Abstract PDF Upgrade to Chat

Authors (6)

Summary

The paper presents a rigorous evaluation of TxAgent's iterative retrieval-augmented tool-calling method in clinical settings, showcasing improved pharmacological reasoning.
It integrates DailyMed with a unified biomedical tool suite, enhancing retrieval accuracy of drug information and reducing error propagation in multi-hop reasoning.
The study underscores the importance of fine-tuning and context-aware retrieval in achieving reliable agentic therapeutic reasoning for safe clinical decision-making.
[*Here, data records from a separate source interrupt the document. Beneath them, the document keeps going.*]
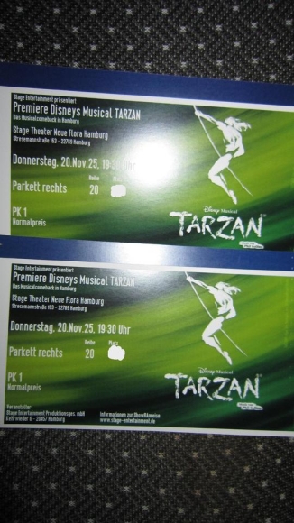 2 MEGA Tickets Karten Premiere Musical Tarzan Hamburg 20.11. PK 1
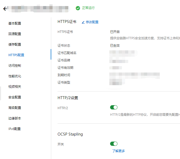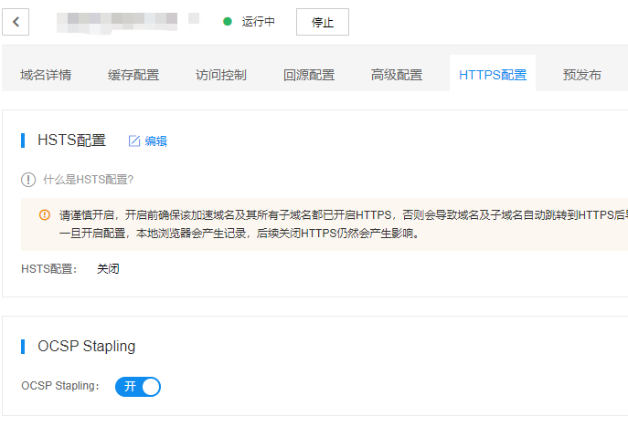进入HTTPS设置中,找到OCSP装订配置,启用即可。
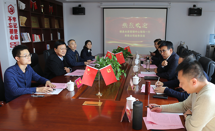 11月10日下午,呂梁市橫泉水庫管理中心主任任劍鋒一行來我公司進行業(yè)務交流。黨委書記、董事長兼總經理崔作銘、副總經理呂希汶參加了交流會。
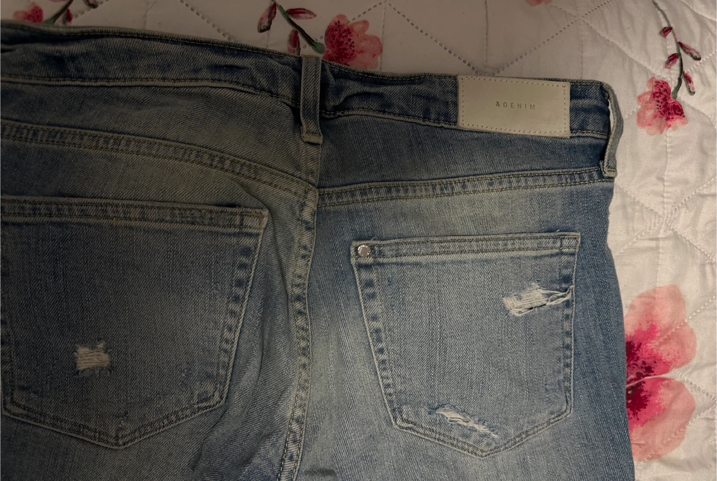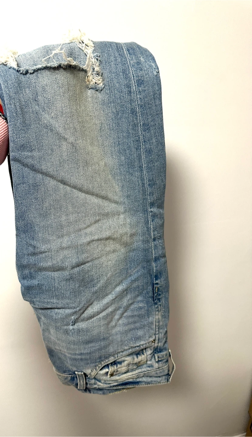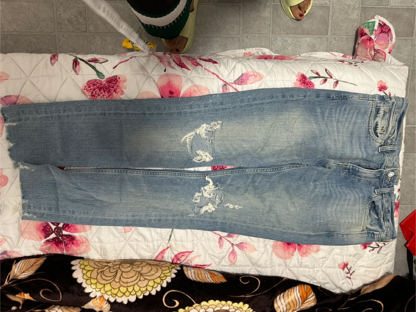Perfect for casual wear! Stylish & Denim jeans. Light wash with cool distressed details, like ripped knees and frayed hems. Waist measures around 31 inches, inseam is about 27 inches.

Comprehensive Evaluation of TxAgent's Therapeutic Agentic Reasoning in CURE-Bench

Introduction

This paper presents a rigorous analysis and enhancement of TxAgent—a therapeutic reasoning agent leveraging iterative Retrieval-Augmented Generation (RAG) and agentic function-calling—evaluated within the CURE-Bench NeurIPS 2025 competition framework (2512.11682). The clinical setting addressed by the competition demands robust multi-hop reasoning, correctness, and safety, scrutinizing not only final outcomes but also the intermediate reasoning trace and sequence of tool invocations. This environment requires that agentic AI systems integrate heterogeneous clinical information, prioritize up-to-date pharmacological data, and optimize each tool call to minimize both error propagation and unnecessary context expansion.
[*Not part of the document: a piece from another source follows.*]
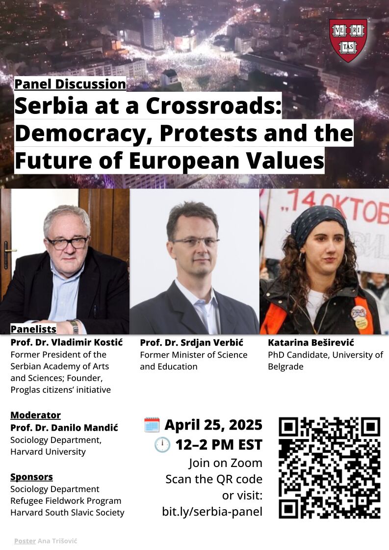 Our associate Katarina Besirevic took part in a debate Serbia at a Crossroads: Democracy, Protests and the Future of European Values organized by Harvard’s sociology department, dedicated to student protests. Hosted by Professor Danilo Mandic, this zoom panel was addressing various issues of crossroads Serbia is at. In front of an audience of over 300 people, alongside with Ivanka Pavlovc, i former rector of Belgrade University, Professor Srdjan Verbic, former Minister of Education, she reflected on students demands and on new opportunities of democratization of the country opened by their protests. Recording is available here.
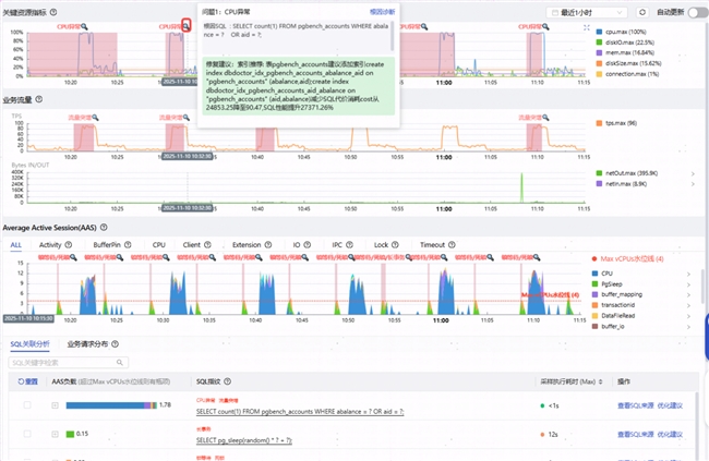 ○ 分钟级问题定位:面对CPU飙高、IO异常等复杂场景,传统排查需数小时,而DBdoctor能在1分钟内精准定位根因并提供具体优化建议

Agentic and Tool-Augmented Reasoning in Clinical Contexts

TxAgent is built atop a fine-tuned Llama-3.1-8B, augmented by a Qwen2-1.5B retriever, and is centered around ToolUniverse—a unified biomedical tool suite combining FDA Drug API, OpenTargets, Monarch, and, as extended here, DailyMed. The system operationalizes agentic workflows by decomposing therapeutic questions, reformulating them for retrieval, and orchestrating sequence-to-sequence tool invocations. Critically, medical agentic systems face unique demands for verifiability and error minimization at each reasoning step, with suboptimal tool selection or retrieval frequently resulting in clinical irrelevance.

The TxAgent workflow involves several iterative ToolRAG cycles: Llama-3.1-8B reformulates the intention-centric query, Qwen2-1.5B encodes this against ToolUniverse function descriptions, and the top- $k$ (here, $k=10$ ) candidate functions are surfaced using cosine similarity. TxAgent then autonomously selects, parametrizes, invokes, and processes tool outputs, continuing cyclically until sufficient information has been aggregated for decision-making or until a terminating condition is met.
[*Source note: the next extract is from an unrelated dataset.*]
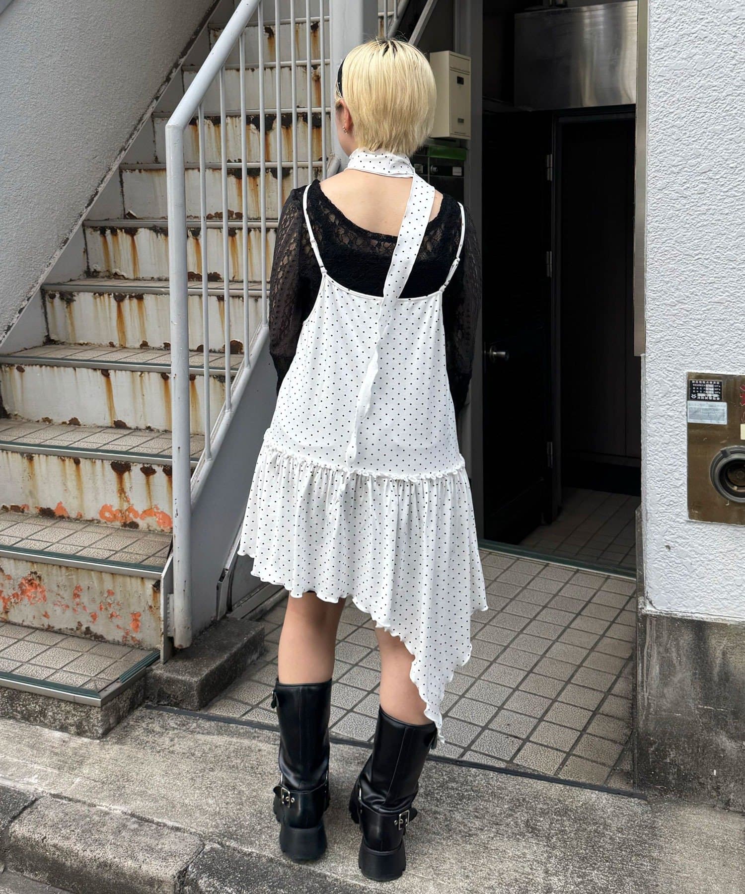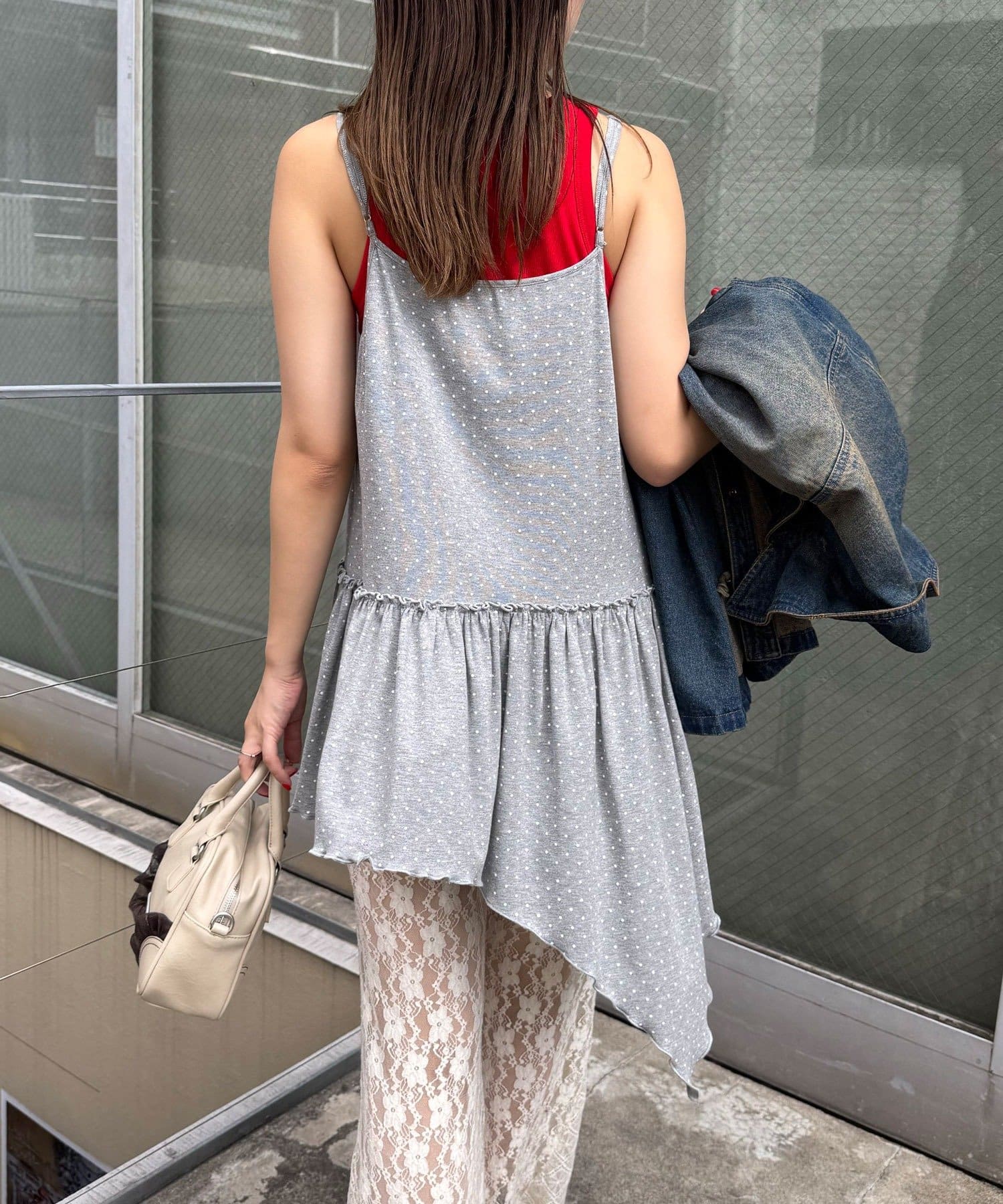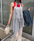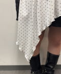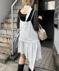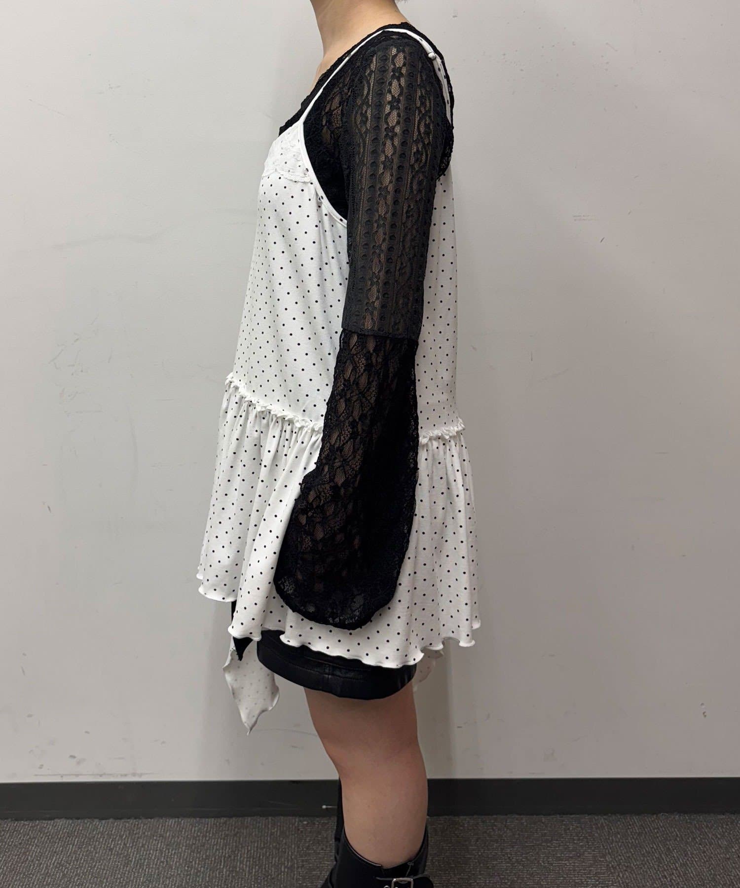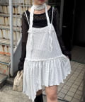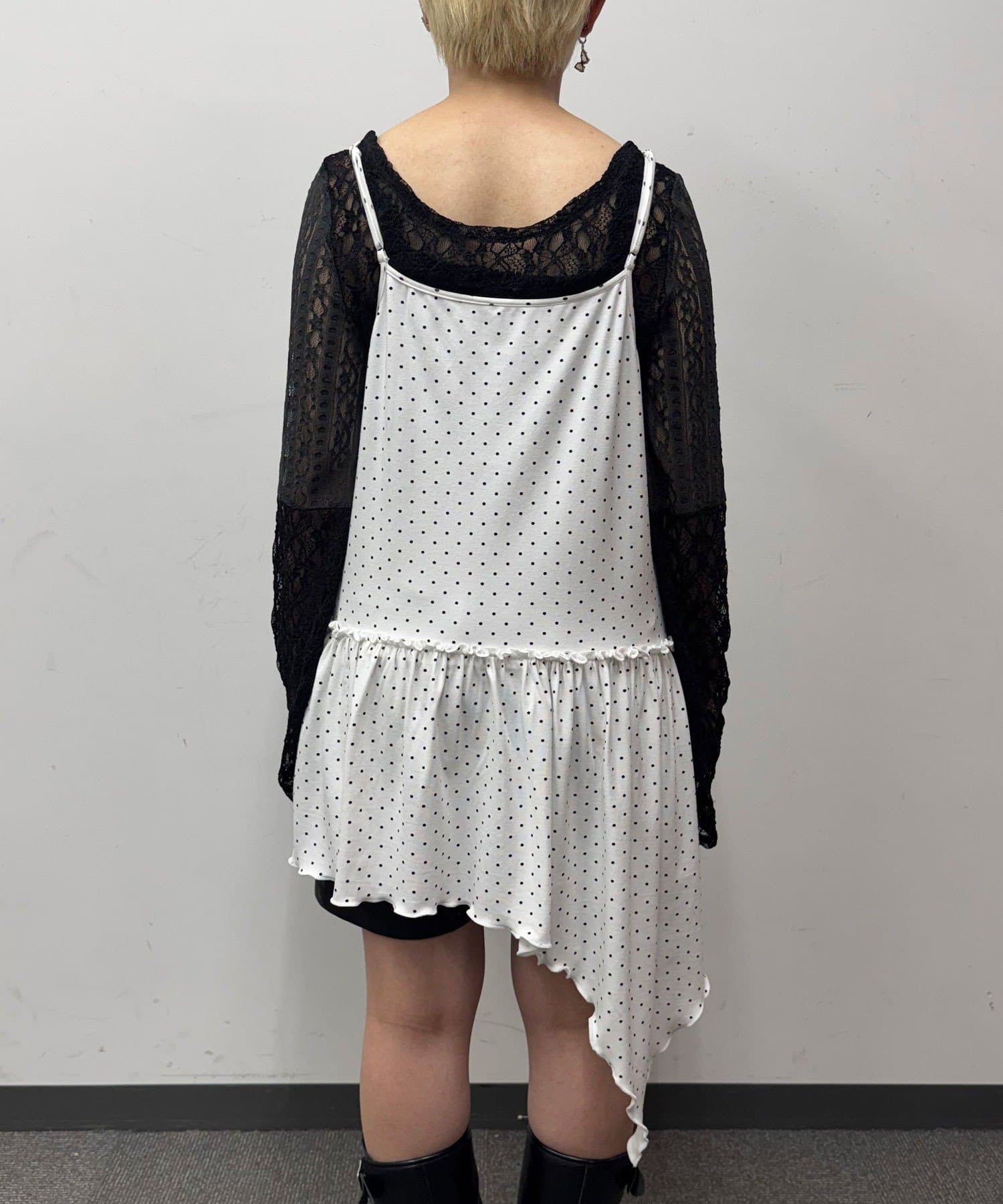レース×ドット×アシメデザイン、計算されたディテールが詰まったキャミワンピ。

Enhancement of Pharmacological Retrieval: DailyMed Integration

One core focus of the work is the augmentation of TxAgent's tool-calling framework with DailyMed, a resource offering structured, version-controlled drug labeling information. DailyMed complements the granular, metadata-centric design of openFDA. While openFDA permits focused, token-efficient queries, its output lacks narrative depth necessary for broader reasoning, often necessitating multiple calls for a complete context. The integration of DailyMed via ToolUniverse allows direct access to comprehensive clinical drug narratives, mitigating prior limitations and enabling the agent to autonomously invoke this additional resource.

Experimental Analysis

Retriever Comparison and Tool-Calling Performance

The evaluation benchmarks sparse (e.g., BM25) and dense retrievers for tool selection, as well as the effect of DailyMed integration on retrieval accuracy.

Figure 1: Performance comparison across dense retrievers, sparse BM25, and TxAgent’s fine-tuned Qwen2-1.5B retriever with and without DailyMed integration.

Sparse retrievers like BM25 underperform due to reliance on lexical matching, unable to contend with the semantically complex function descriptions in ToolUniverse (typically capped at two sentences per tool). Dense retrievers, albeit variable in runtime, generally improve selection but do not surpass the Qwen2-1.5B retriever, especially when fine-tuned on therapeutic tool-calling data. The introduction of DailyMed enables further performance gains, as its concise function description aligns well with the retriever and supports retrieval of clinically authoritative outputs.

Impact of Retrieval Quality and Model Parametric Knowledge

The experiments leverage fixed-retrieval setups across LLMs (e.g., open-source GPT-OSS, Llama variants, Gemini), examining performance on open-ended multiple-choice (OE-MC) and standard multiple-choice (MC) datasets, both with and without retrieval aiding.

Figure 2: OE-MC question accuracy across LLMs under RAG and non-RAG (frozen) retrieval settings, with option permutation and baseline TxAgent reference.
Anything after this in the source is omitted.